Kaplan–Meier survival curves for the two cohorts.
Table 1 presents the basic characteristics of both datasets. In the TCGA dataset, the median age was 59, with 48 samples having a total survival time of 2 years or less. In contrast, the median age in the Tsinghua Changgung Hospital dataset was 42, with 24 patients also experiencing an OS of 2 years or less. Notably, the TCGA dataset had a higher proportion of patients who underwent transplantation, and differences in gene mutation incidence were observed between the two datasets.
Patient characteristics.
TCGA: The Cancer Genome Atlas.
Model performance
Supervised tree-based machine learning models, including RF, GBDT, and XGBoost, were employed to classify and predict IR-AML patients, using a 2-year OS threshold. The study aimed to assess whether basic patient information—such as age, gender, transplantation status, white blood cell (WBC) count, and nine gene mutations—could effectively predict prognosis. The model was trained on the Tsinghua Changgung Hospital dataset (Table 2). The external validation results using the TCGA cohort is presented in Table 3. The results indicate that the model yielded satisfactory predictive performance. Notably, the best outcomes were achieved using the GBDT classifier.
Results of the models using Tsinghua Changgung Hospital cohort.
CI: confidence interval; GBDT: gradient-boosted decision trees.
External validation results of the model using TCGA cohort.
TCGA: The Cancer Genome Atlas; GBDT: gradient-boosted decision trees.

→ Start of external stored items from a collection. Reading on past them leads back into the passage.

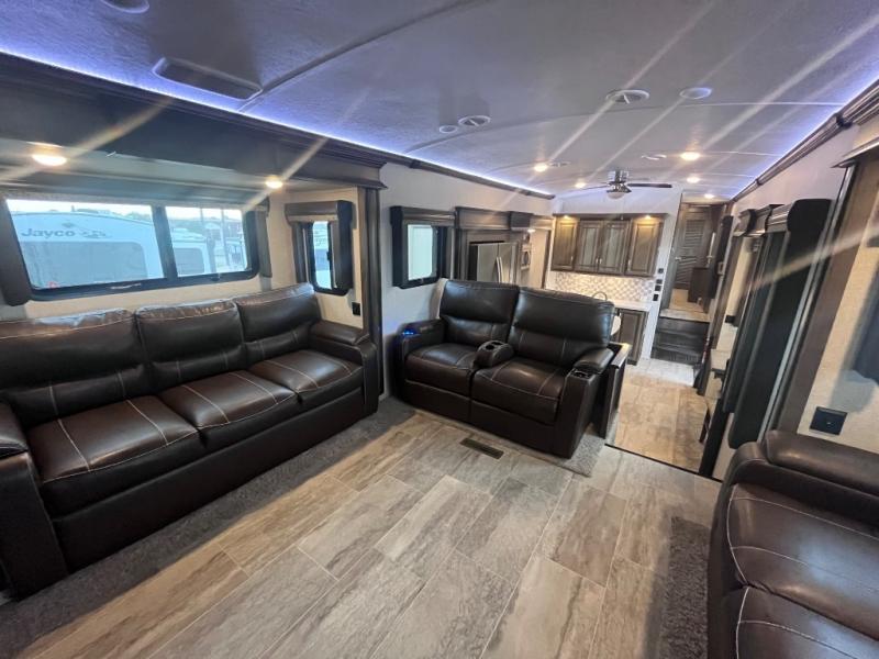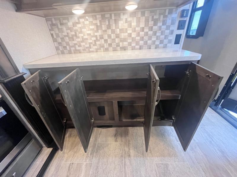 Enjoy the space provided by 5 slide outs in this Keystone Montana fifth wheel. With dual slide outs in the living area, and two slides in the kitchen area you will find the two rooms spacious and inviting. Model 3791RD offers a rear living and entertaining room with plenty of seating including dual hide-a-bed sofas and power theatre seats. Everyone can gather around the HDTV and fireplace to watch movies or the big game. The kitchen offers a separate space to make and eat meals. You will find a kitchen island, an 18 cu. ft. residential refrigerator, convection microwave, a hutch, and a pantry, plus more. You will find plenty of storage throughout as well as outside. Outdoors there is an entertainment center with 32" HDTV, and a slide out storage tray on the rear, plus much more!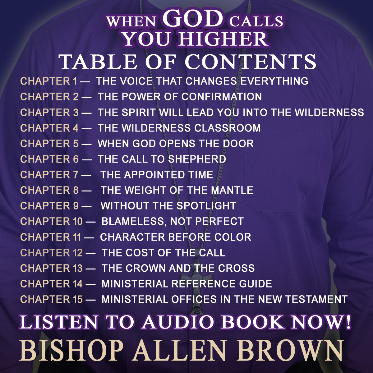 Have you ever sensed that God was calling you to something greater—but weren’t sure how to respond? When God Calls You Higher is a spiritual guide that helps ministers, leaders, and believers understand what it truly means to be chosen, prepared, and elevated by God. Through personal testimony, biblical wisdom, and practical insight, Bishop Allen Brown reveals the stages of the call—from confirmation to consecration—and how to walk in your assignment with humility and power.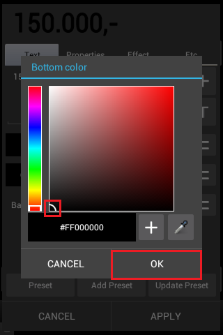 9. Lakukan langkah yang sama pada 'Bottom color' dan klik tombol 'OK'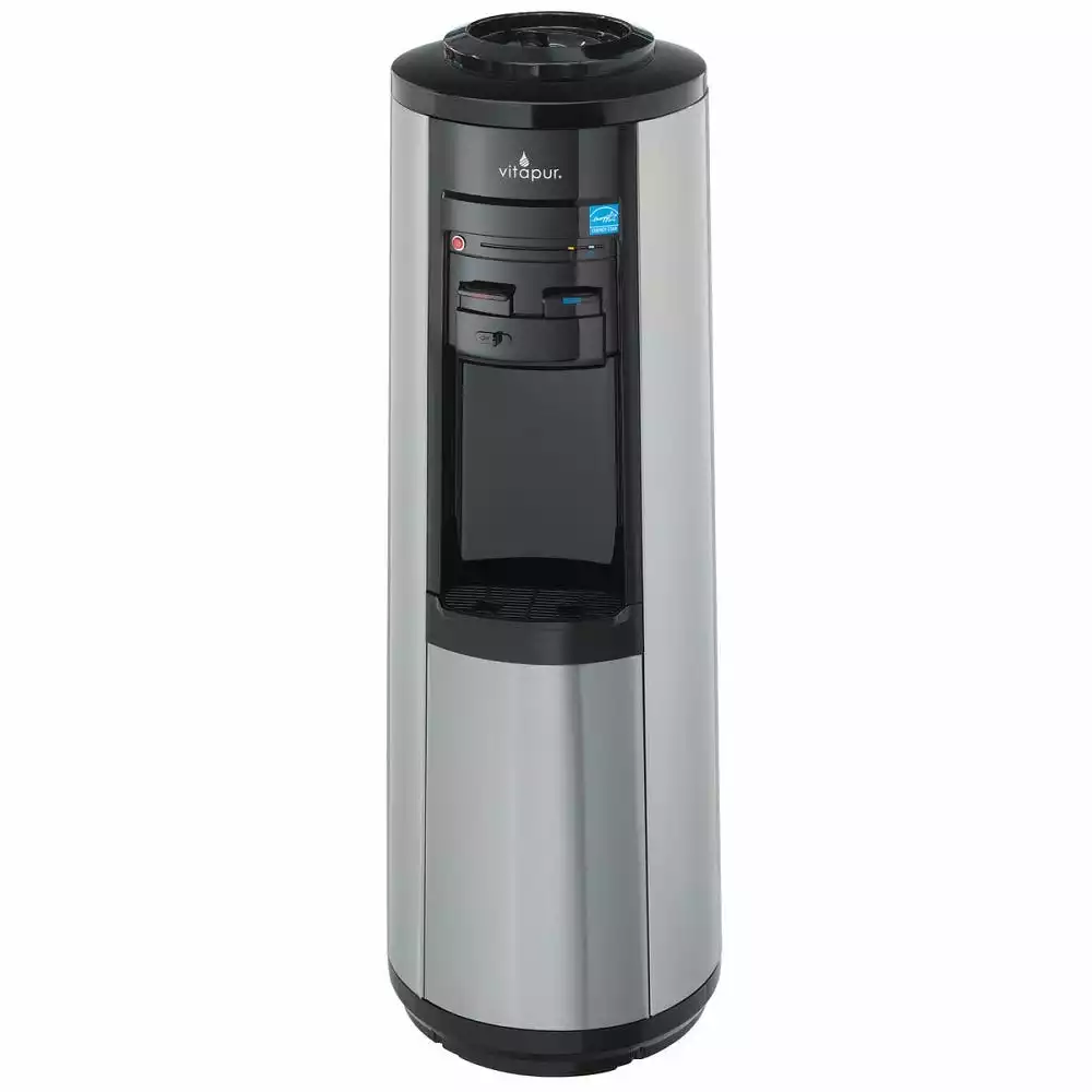This Vitapur full size water dispenser features a stainless steel cabinet that matches the decor of any high end kitchen. Todays most requested convenience features include: tri-temperature dispensing, an LED night light and stylish push button controls. Energy star rated, the patented kettle feature uses 70% less energy than traditional hot and cold water dispensers that heat water constantly. Compatible with Greenway & Vitapur water dispenser filtration systems.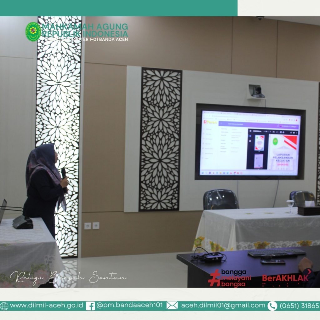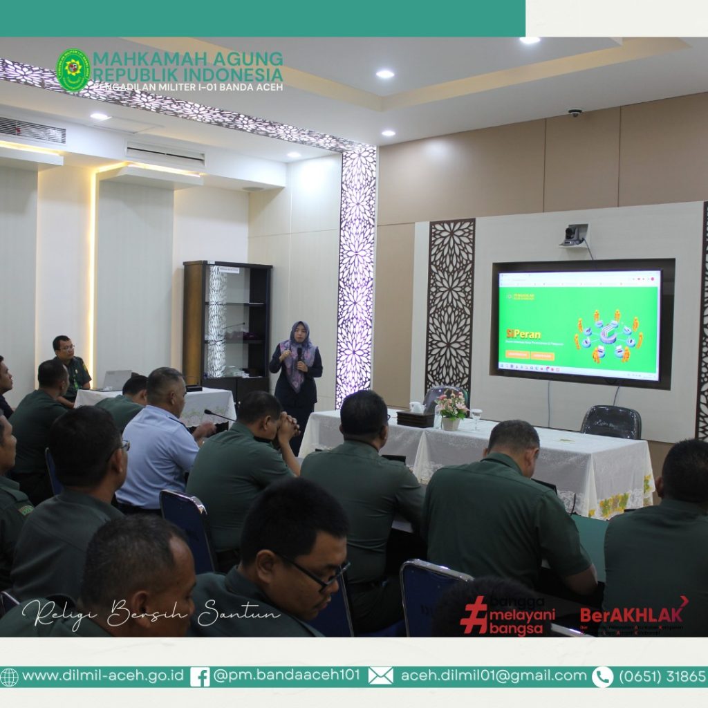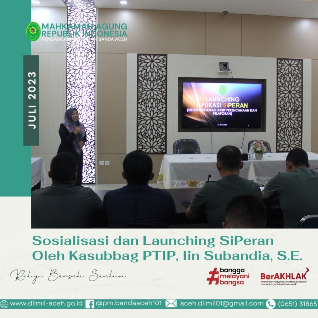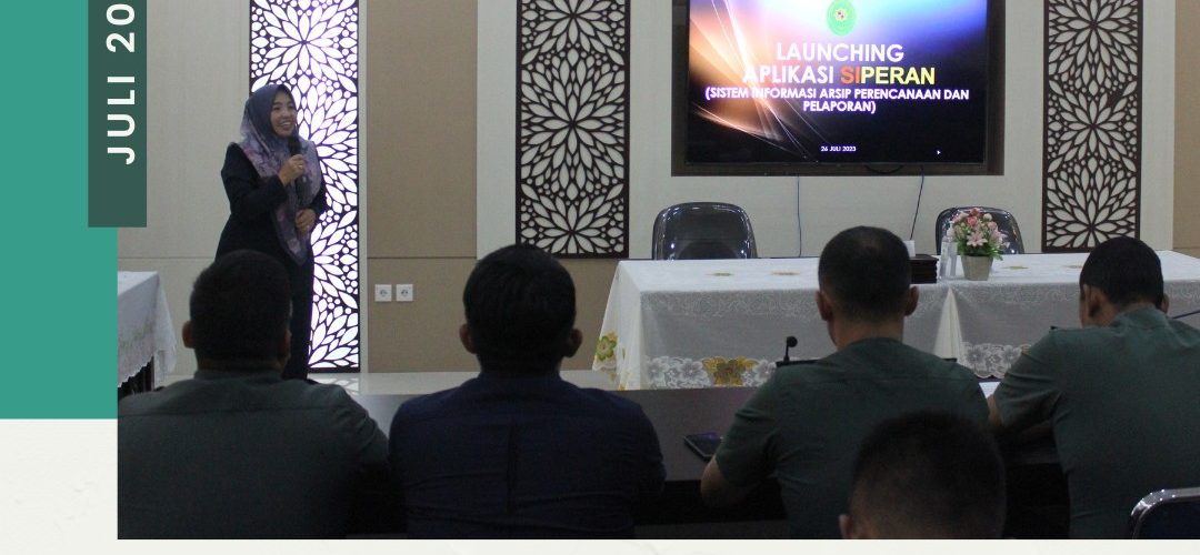 Banda Aceh – 26 Juli 2023. Kasubbag PTIP Dilmil I-01 Banda Aceh, Iin Subandia, S.E. sekaligus reformer aksi perubahan Diklat Pelatihan Kepemimpinan Pengawas (PKP) melaksanakan kegiatan Sosialisasi dan Launching SiPeran (Sistem Informasi Arsip dan Pelaporan) kepada pimpinan dan seluruh anggota Pengadilan Militer I-01 Banda Aceh bertempat di Auditorium Dilmil I-01 Banda Aceh.

Receiver Operating Characteristic (ROC) analysis revealed AUROC values ranging from 0.61 to 0.98. Figure 3(a) illustrates the ROC curve for the Tsinghua Changgung external validation dataset, where RF exhibited superior AUROC values. Figure 3(b) presents the ROC curve for the TCGA external validation dataset, indicating that RF and GBDT achieved a great performance. Considering the results in Table 3, the AUROC value for RF is 0.71, while for GBDT, it is 0.73.

ROC performance in development and external validation: (a) ROC curves from stratified five-fold cross-validation in the development cohort and (b) ROC curves on the independent TCGA cohort. TCGA: The Cancer Genome Atlas.

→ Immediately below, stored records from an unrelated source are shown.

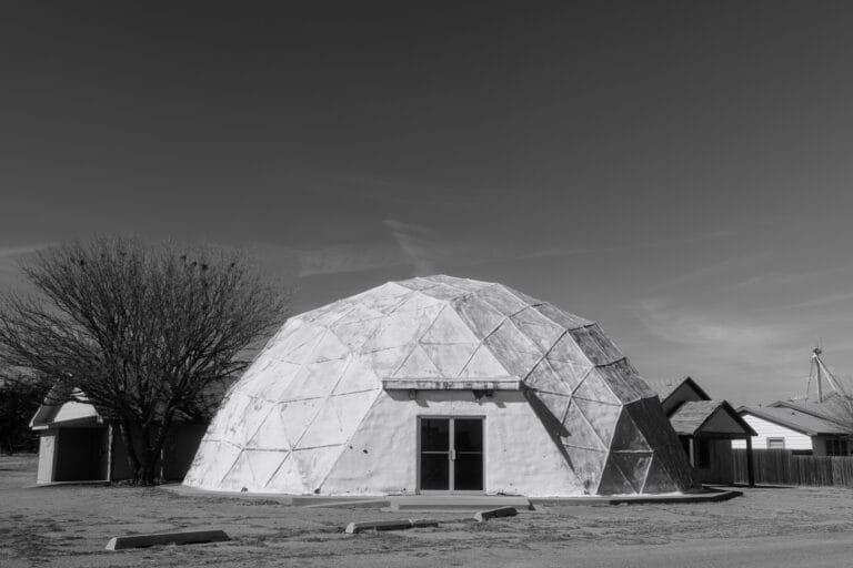 Image of a white geodesic dome resting on flat ground like an artifact from a future that never arrived. Utopia doesn’t always recede; sometimes it becomes an iconic form. The geometry is declarative, almost didactic—a structure that believes in efficiency,…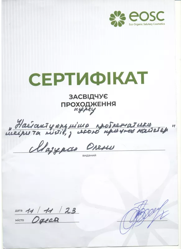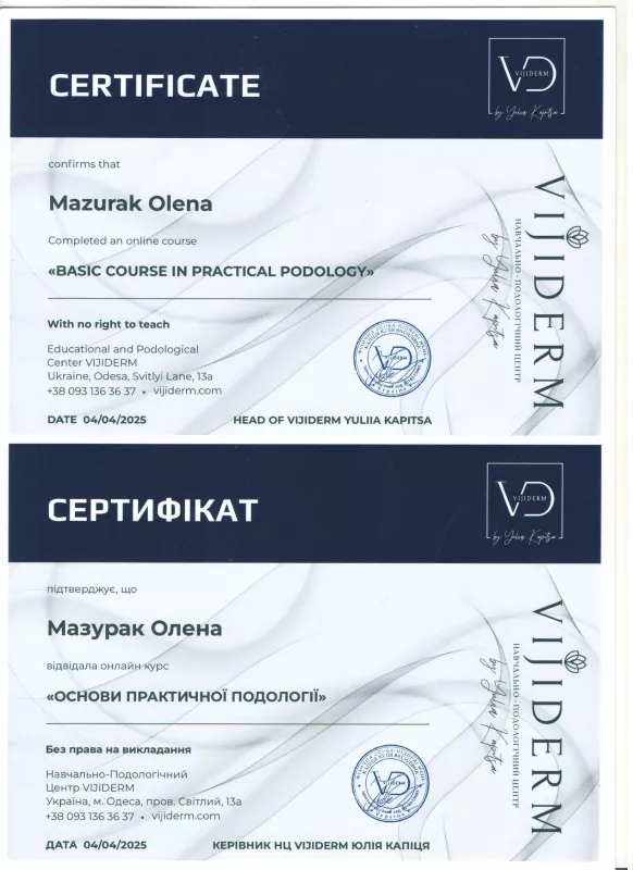 Професійний подолог, майстер манікюру та педикюру з 2020 року у місті Біляївка Одеської обл. Допомагаю клієнтам вирішувати проблеми нігтів і стоп без болю та дискомфорту. Індивідуальний підхід, стерильність, акуратна робота та турбота про результат. Працюю за попереднім записом. Консультую та підбираю догляд саме під ваші потреби."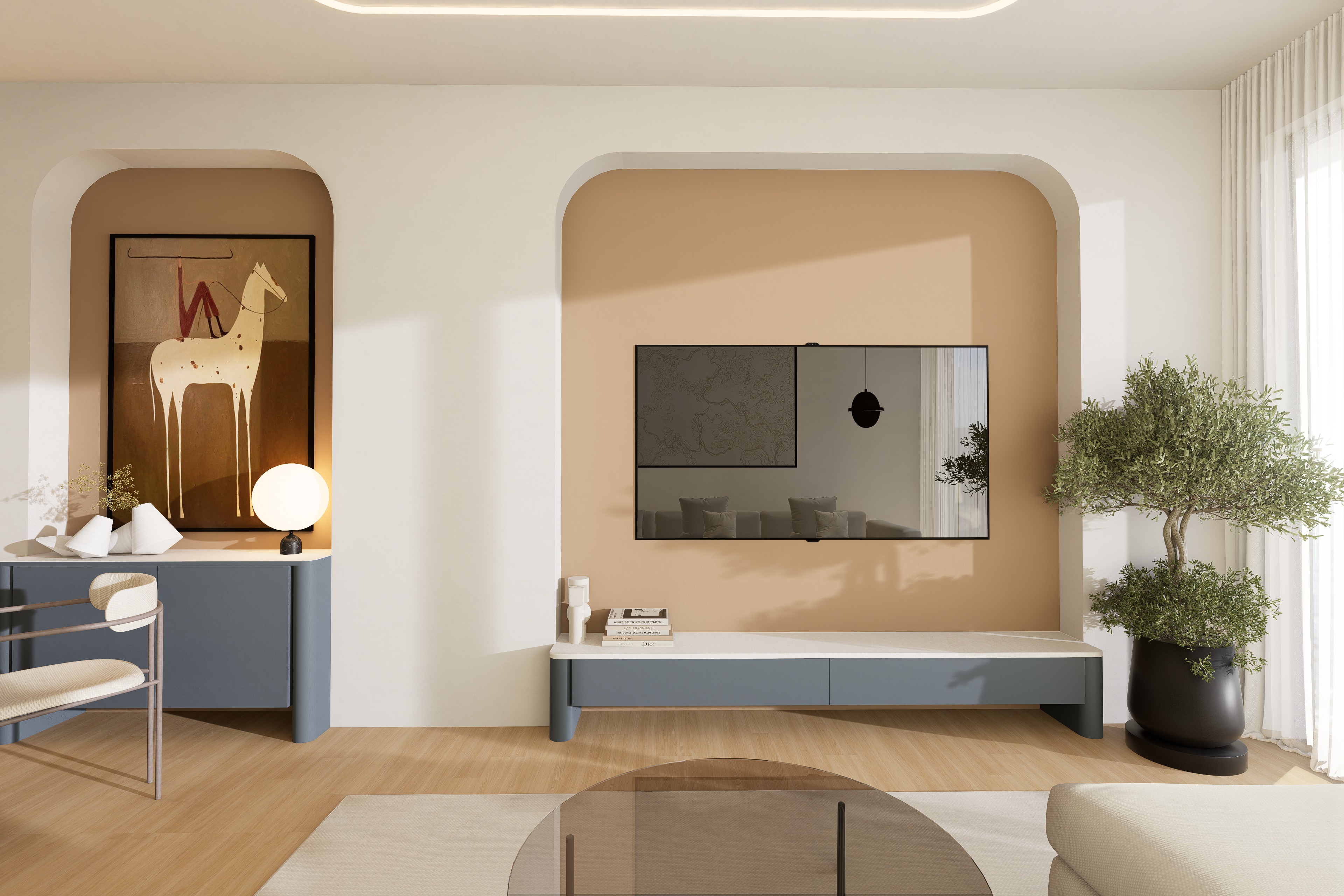 ultra realistic interior render of a refined modern living space keep the exact same camera angle composition wall shapes furniture placement proportions and design language from the input image do not redesign or move anything scene description a warm minimal interior with two large rounded wall niches left niche muted warm brown beige background with large framed horse artwork dark blue grey custom console below decorative objects table lamp with glowing white sphere and an accent chair in front center niche soft peach beige background with wall mounted flat tv and long low blue grey media console below right side large indoor olive tree in black planter near full height sheer curtains foreground partial cream sofa light textured rug smoked glass coffee table floor light natural wood with subtle grain materials finishes walls smooth matte warm white plaster niche back panels warm earthy beige peach tone matte finish consoles desaturated blue grey lacquer smooth satin finish rounded edges floor light oak wood natural matte finish rug soft off white woven texture sofa cream textured fabric coffee table smoked glass top with minimal dark structure planter matte black chair thin metal frame with light upholstered seat back artwork frame slim black frame lighting strong natural sunlight entering from the right side creating realistic soft edged shadows on walls console and floor warm ambient daylight balance subtle glow from the decorative table lamp on the left console soft indirect ceiling led cove lighting very refined and realistic no overexposure realism requirements photorealistic architectural visualization real natural shadows and bounce light accurate reflections on tv and smoked glass table visible material depth and micro texture clean but believable imperfections for realism high end interior photography look sharp crisp 4k quality strict instructions do not change colors do not add or remove furniture do not alter the niches tv wall artwork or planter do not change styling do not change perspective only enhance realism lighting materials and rendering quality add this at the end too strictly preserve original interior design and camera only make it ultra realistic

Considering multiple performance metrics, including AUROC and accuracy, as well as the model's generalizability, the GBDT model demonstrated the best overall performance.
Model interpretation
SHAP analysis yielded the following insights. For cases with a survival time of 2 years or less, we assigned a class label of 1. A SHAP value greater than 0 indicates a positive contribution to this classification, pushing the predicted value closer to 1. Figure 4(a) shows the feature density scatter plot of the GBDT model tested using the external validation dataset of Tsinghua Changgung. Among them, WBC count, age, TET2 mutation, and transplantation situation had great influence on the prediction results. Positive transplant status corresponds to negative SHAP values, while advanced age and TET2 positivity correspond to positive SHAP values. High WBC feature values consistently have positive SHAP values, whereas low WBC feature values mostly have negative SHAP values, with a few exceptions showing positive SHAP values.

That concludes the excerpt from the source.